◆ **WORK ITEM**
Each line of the material should be set down exactly. Pictures are not part of the copy.

◆ **SOURCE MATERIAL**

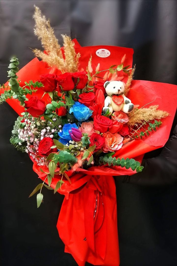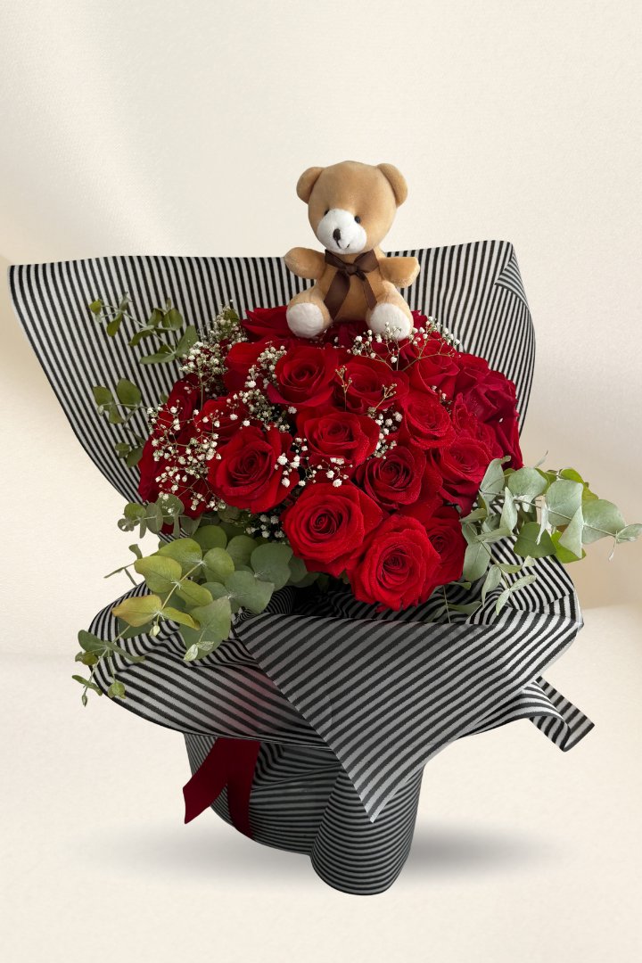 Romantičan buket raskošnih crvenih ruža, obogaćen nježnim detaljima gipsofile i eukaliptusa, uz slatkog plišanog medvjedića kao simbol pažnje i topline. Savršen izbor za Valentinovo, rođendane, godišnjice ili kada želite pokloniti osmijeh i zagrljaj u jednom buketu.
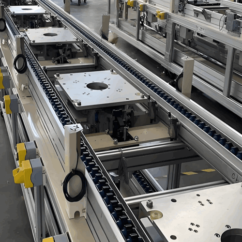 支持水平、爬坡、转弯等多向布局,兼容工装板(钢板/工程塑料板)和托盘输送,空间利用率提升30%以上?。
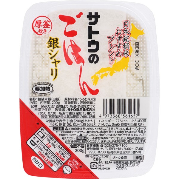 사토의 밥 긴샤리 5끼팩 200g×5 사토식품 > 백미
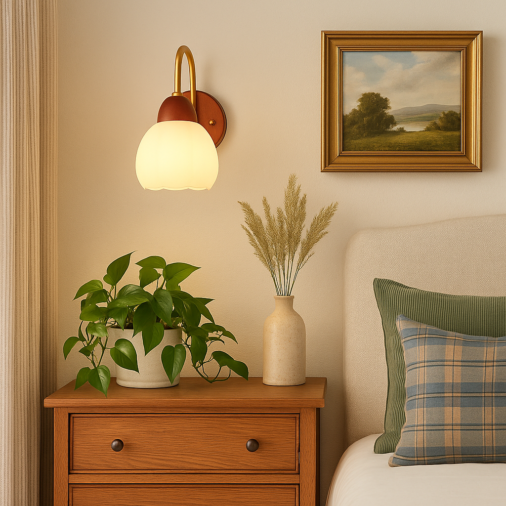 A rounded opal glass shade paired with brass and walnut tones, bringing vintage charm and soft glow to intimate interiors.

◆ **ANSWER**
 Romantičan buket raskošnih crvenih ruža, obogaćen nježnim detaljima gipsofile i eukaliptusa, uz slatkog plišanog medvjedića kao simbol pažnje i topline. Savršen izbor za Valentinovo, rođendane, godišnjice ili kada želite pokloniti osmijeh i zagrljaj u jednom buketu.
 支持水平、爬坡、转弯等多向布局,兼容工装板(钢板/工程塑料板)和托盘输送,空间利用率提升30%以上?。
 사토의 밥 긴샤리 5끼팩 200g×5 사토식품 > 백미
 A rounded opal glass shade paired with brass and walnut tones, bringing vintage charm and soft glow to intimate interiors.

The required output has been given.